Holder counts, HHI, Gini and new-holder counts replay exactly from ERC-20 Transfer logs. Nobody has to take our word for them.
The sell signal is not trustless. It depends on which addresses we have configured as liquidity pools, and that is operator config, not chain data. If we got the LP set wrong, or changed it, the sell signal changes with it.
Every update publishes lpSetHash so the assumption is auditable rather than invisible, and so you can see whether the set moved between updates. That makes it checkable. It does not make it trustless, and we are not going to call it that.
Level 1 takes our holder set and re-runs the simulation: root → seed → plan → trajectory, then compares. It proves we did not lie about the simulation. It does not prove we did not lie about the data — if you take the holder set from us, you are trusting us for it.
Level 2 re-derives the holder set from your own archive RPC, from the token's mint block forward, and closes that gap. It is the one that actually settles the question. The commands are here.
Four things that are wrong, or fragile, or easy to misread.
Gini is bounded by (n−1)/n, so with 5 holders it cannot exceed 0.8 no matter how brutal the distribution is. Below roughly 10 holders it is not measuring concentration, it is measuring the holder count. The UI flags it there. HHI has no such bound, which is why HHI — not Gini — is the signal that drives the worm.

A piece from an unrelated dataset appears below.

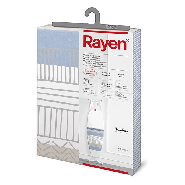 Funda Tabla de Planchar Rayen Universal - Ajuste Easyclip - 4 Capas Espuma Muletón - 100% Algodón Calidad Titanium - Medida 130x47 cm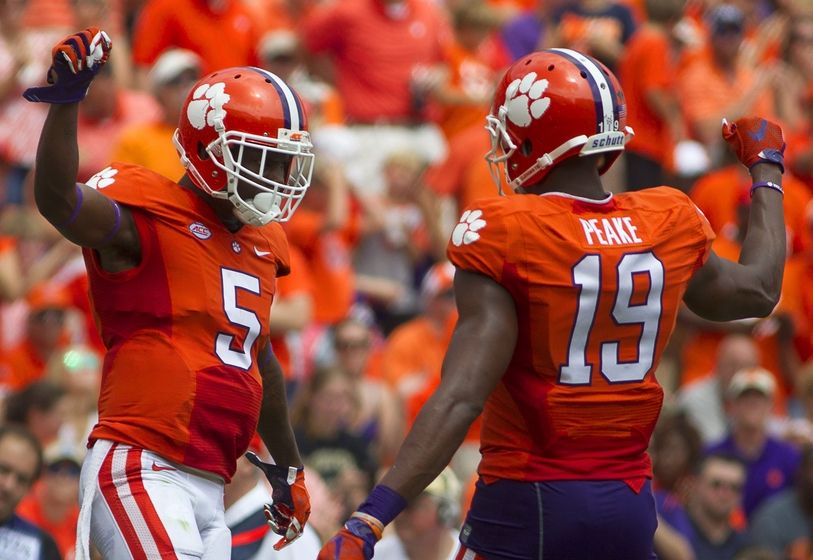 Sep 5, 2015; Clemson, SC, USA; Clemson Tigers wide receiver Germone Hopper (5) and wide receiver Charone Peake (19) celebrate after the play during the first half against the Wofford Terriers at Clemson Memorial Stadium. Mandatory Credit: Joshua S. Kelly-USA TODAY Sports Football The Clemson vs Appalachian State game is set to take place Saturday and there were some changes on the Tiger depth chart after week one. Check it out here. Clemson football had…

maxTicks decides whether the concentration arm works at all. Path efficiency, low HHI versus high HHI:
| maxTicks | dispersed | concentrated | |
|---|---|---|---|
| 128 | 0.73 | 0.64 | weak, barely separated |
| 256 | 0.80 | 0.16 | clean 5× separation — default |
| 512 | 0.78 | 0.15 | equally good |
| 1024 | 0.59 | 0.08 | degrading |
| 2048 | 0.03 | 0.05 | broken — the signal inverts |
Even at rightWeight = 0 the worm still turns −0.169°/tick, so it closes its own loop after about 2,130 ticks. Past ~1024 both regimes are circling and the readout only reflects where each one happened to stop. The metaphor holds exactly as long as the low-HHI worm is still going roughly straight, and not one tick longer. 512 is the safe ceiling; the cliff is at 2048, and there is a test that documents the inversion rather than hiding it.
Our engine is checked bit-for-bit against the original C implementation, every tick and every cell. That check only holds with -ffp-contract=off. Left on, the compiler fuses multiply-add into a single instruction with one rounding step instead of two, and the C program produces different floats on different machines — so the reference cannot reproduce itself, let alone be reproduced by JavaScript.
This is a property of the reference, not of us. Our engine is IEEE-754 and deterministic everywhere. It is worth knowing if you ever try to check the oracle against its own output.
The trail currently spans 31,229 × 43,872 world units. The worm is 312 long. At a zoom that fits the whole journey the animal is under 7 pixels, which is why the map redraws itself as you zoom rather than just scaling: far out it is a position among events, close in it is an animal with 24 segments. Neither view is the real one.